ScreenHunter_2133 Aug. 01 18.12During the run-up to the referendum on Britain’s relationship with the European Union, I noticed a persistent commercial for SlimFast weight-loss shakes being broadcast on the non-BBC channels. A sultry voice suggested: “Have a go, ladies, and see what you can do.” That’s pretty much what the angry and aging voters of England and Wales decided for themselves and the rest of Britain. The tagline of the commercial and the product slogan – “Works for Me” – struck me as remarkable. SlimFast wasn’t guaranteeing that their product worked, or that it worked in any specific, quantifiable, medically verifiable way. But the idea that it “Works for Me” suggested that it might work for you. In fact, the product might or might not work at all, but the company could always say that they never said it did, exactly. Brexit was not as advertised, not As Seen on TV.
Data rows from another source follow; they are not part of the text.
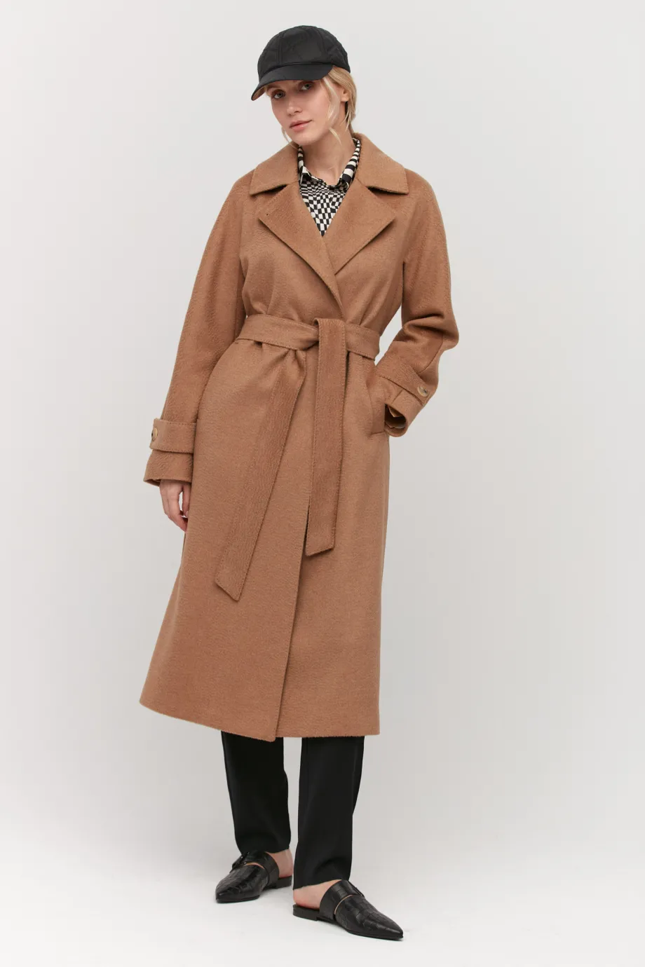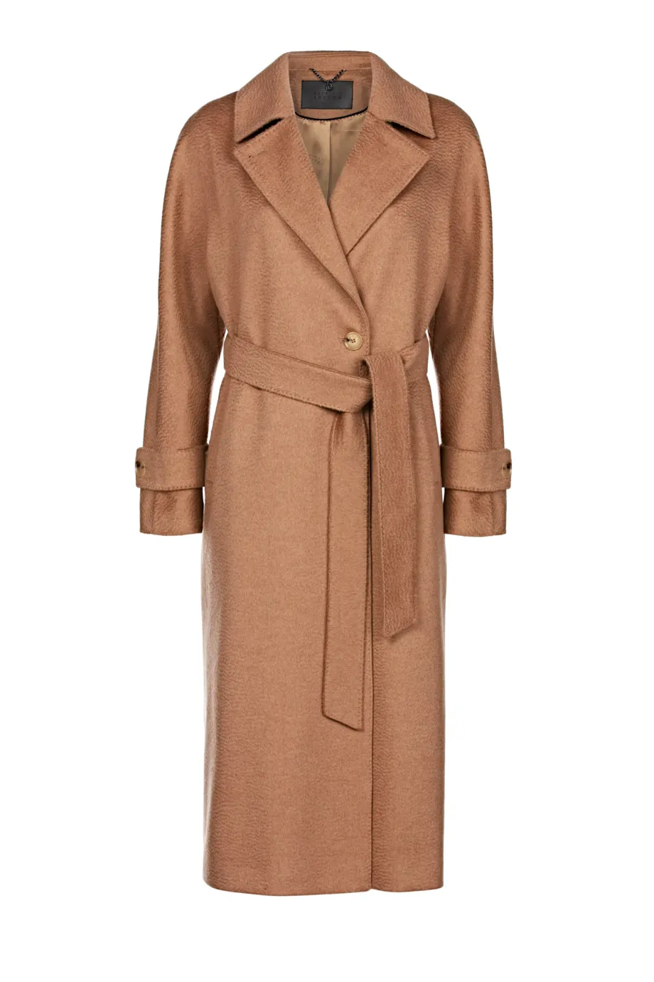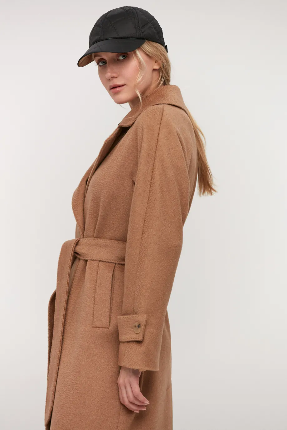 Palton midi camel din lână de cămilă, cu curea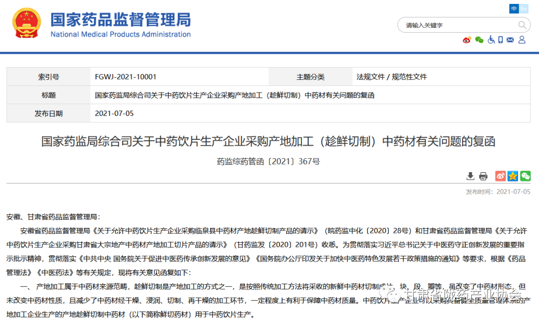 2021年6月,國家藥監(jiān)局印發(fā)《關(guān)于中藥飲片生產(chǎn)企業(yè)采購產(chǎn)地加工(趁鮮切制)中藥材有關(guān)問題的復(fù)函》(藥監(jiān)綜藥管函【2021】367號),允許全國中藥飲片生產(chǎn)企業(yè)可以采購甘肅省全省和安徽省臨泉縣一個縣、符合條件的產(chǎn)地加工企業(yè)生產(chǎn)的產(chǎn)地趁鮮切制中藥材,用于中藥飲片生產(chǎn),為甘肅中藥材產(chǎn)地加工高質(zhì)量發(fā)展帶來重大政策支撐。省藥監(jiān)局等10廳局聯(lián)合印發(fā)《甘肅省大宗地產(chǎn)中藥材產(chǎn)地加工(趁鮮切制)工作方案》(甘藥監(jiān)發(fā)【2021】149號),公布了黃芪、黨參、當(dāng)歸、甘草、大黃、板藍(lán)根、紅芪首批7個試點品種。隴藥協(xié)會搶抓這一政策機(jī)遇,組織相關(guān)企業(yè)制定遠(yuǎn)高于現(xiàn)行《中國藥典》的行業(yè)標(biāo)準(zhǔn),引進(jìn)國際先進(jìn)加工技術(shù),生產(chǎn)高品質(zhì)當(dāng)歸、黃芪、黨參等大宗地產(chǎn)中藥材及飲片,引領(lǐng)帶動全省中藥材產(chǎn)地加工由傳統(tǒng)農(nóng)耕經(jīng)濟(jì)向標(biāo)準(zhǔn)化、工業(yè)化、數(shù)字化、全球化平臺經(jīng)濟(jì)轉(zhuǎn)型。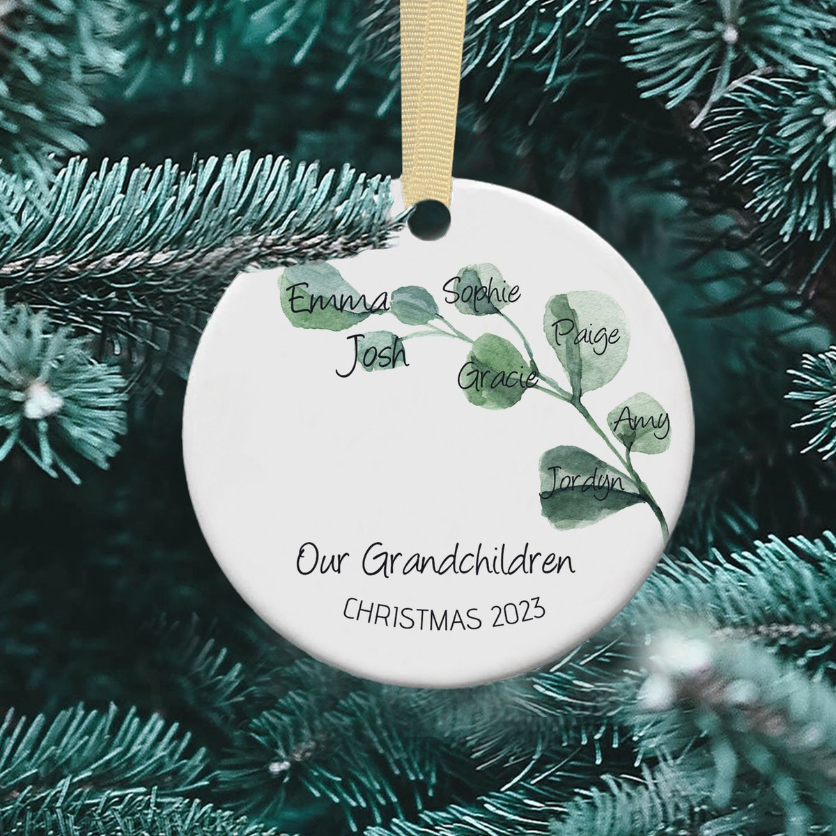 Grandchildren christmas bauble clearance, Personalised Leaves Family Christmas Tree Bauble Grandchildren Gift Grandparents | eBay clearance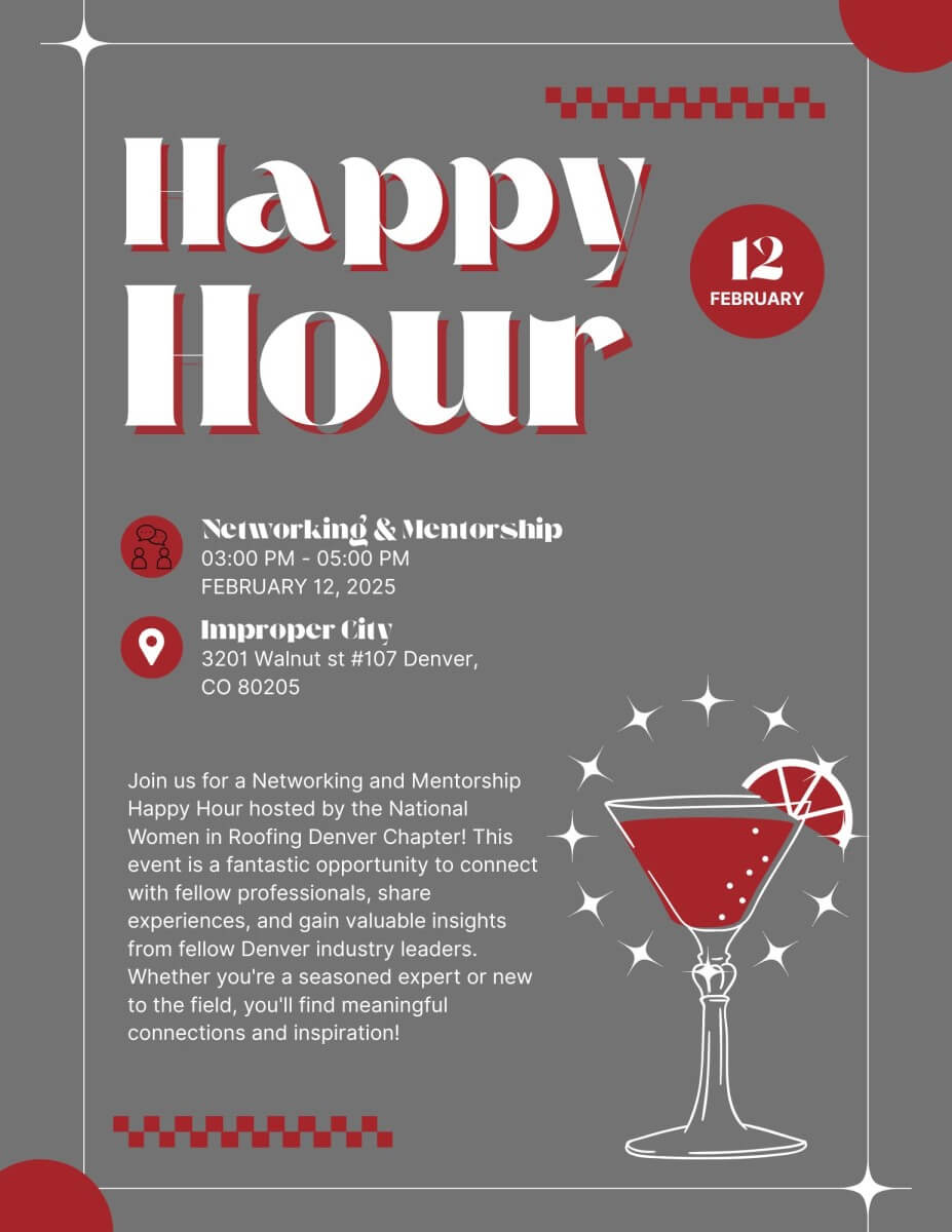 Join us for a Networking and Mentorship Happy Hour hosted by the National Women in Roofing Denver Chapter! This event is a fantastic opportunity to connect with fellow professionals, share experiences, and gain valuable insights from fellow Denver industry leaders. Whether you're a seasoned expert or new to the field, you'll find meaningful connections and inspiration!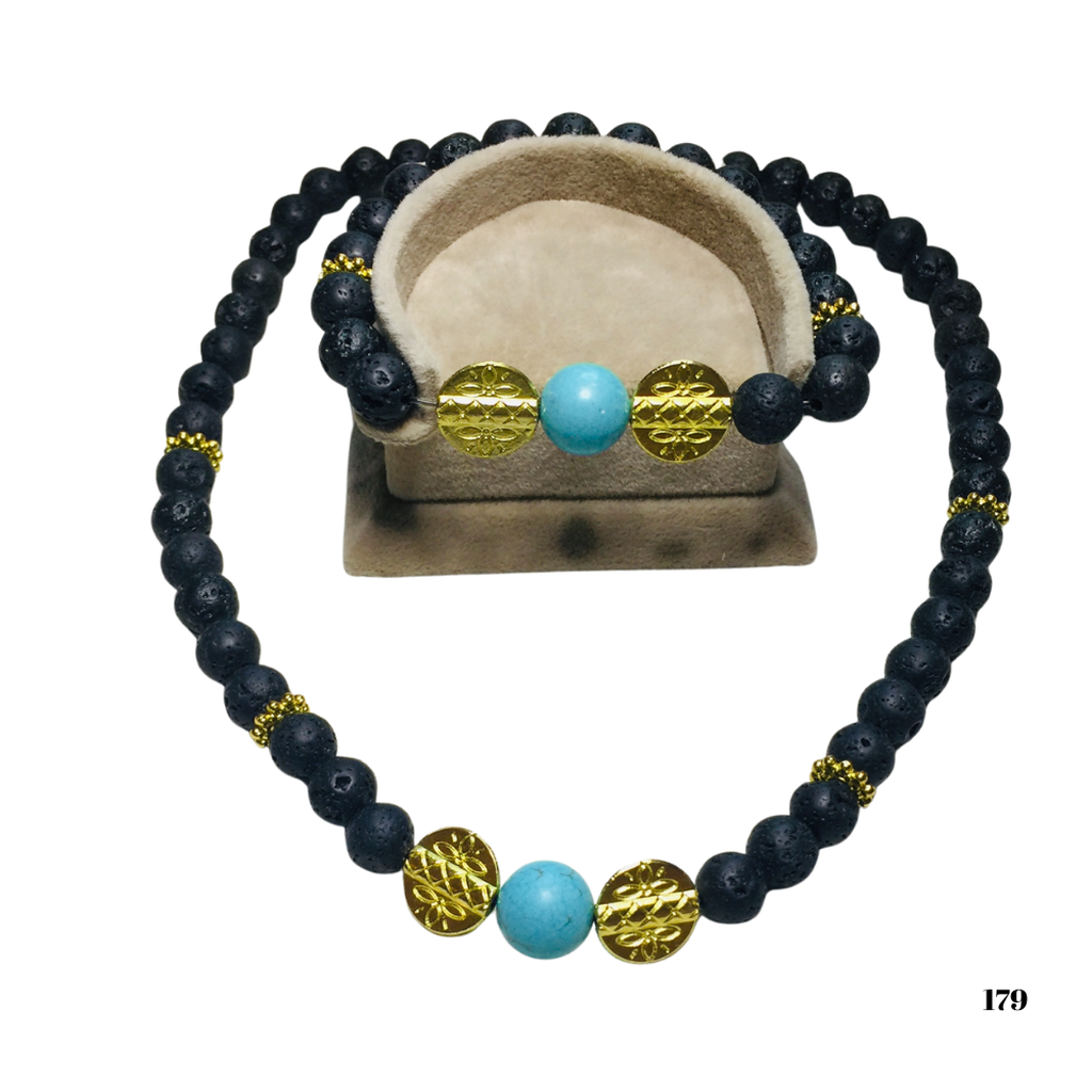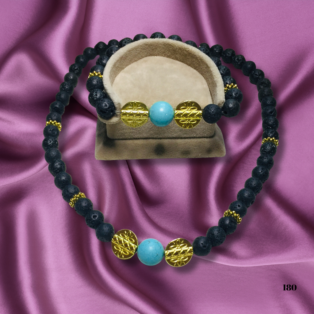Reina del Corazen El Yapımı Mistik Lav Taşı ve Turkuaz Antik Kolye ve Bileklik, volkanik lav taşının güçlü enerjisi ile turkuazın huzur verici şifasını buluşturan özel bir tasarımdır. Tarihî esintileriyle zarif, enerjisiyle dengeleyici bir aksesuardır.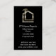 Classy construction handyman business cards in an upscale design with silver tone house and hammer graphic logo you can use on our cards created on thick black core business card stock in vertical format. Hand out your business cards with a show of confidence.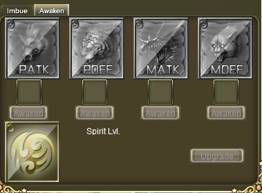 After you Awaken an item you can then upgrade the Spirit that you have Awoken by clicking on the upgrade button.

This curiously philosophical commercial popped to mind when I watched a series of interviews with the residents of Stoke-on-Trent, a heavily Labour area that went 70% for Brexit. One pottery producer said that production might need to be cut due to economic uncertainty and reduced demand in light of Brexit. But an angry-looking woman retorted to the BBC’s cameras that the media should come back in twelve months and see how much better everything would be after Brexit. “I can’t wait for it to happen,” I think she said. (But if things were going so swimmingly, what was she so angry about?) Brexit might not work – not actually work, not in reality. Most experts predict a recession, potentially a bad one. (The “so-called experts” were cast into a somewhat similar position to a doctor or trained nutritionist advocating that there might be other ways to slim down.) But the real historical consequences don’t matter, because we’re living in a post-truth era of SlimFast politics. Ladies, Brexit “Works for Me.” As Katharine Viner, the Editor of The Guardian, put it in her Brexit Op-Ed, “How Technology Disrupted the Truth,” “When ‘facts don’t work’ and voters don’t trust the media, everyone believes in their own ‘truth’ – and the results, as we have just seen, can be devastating.”

It’s tempting to call this phenomenon The Americanization of Facts, although in truth it’s a global feature of enbubbled media, characteristic of Russia Today television broadcasts as much as the British tabloids and the Fox News Channel. Americans might be tempted to roll their eyes at the seeming shock of British liberals about this situation – been there, done that, here we go again. The problem goes beyond garden-variety bias or even propaganda. Instead, we conform to a consumerist conception of truth as something that we select from a menu of choices. The inside-out thinking of Madison Avenue and the logic of climate-change denial has become basic to our era’s entire zeitgeist.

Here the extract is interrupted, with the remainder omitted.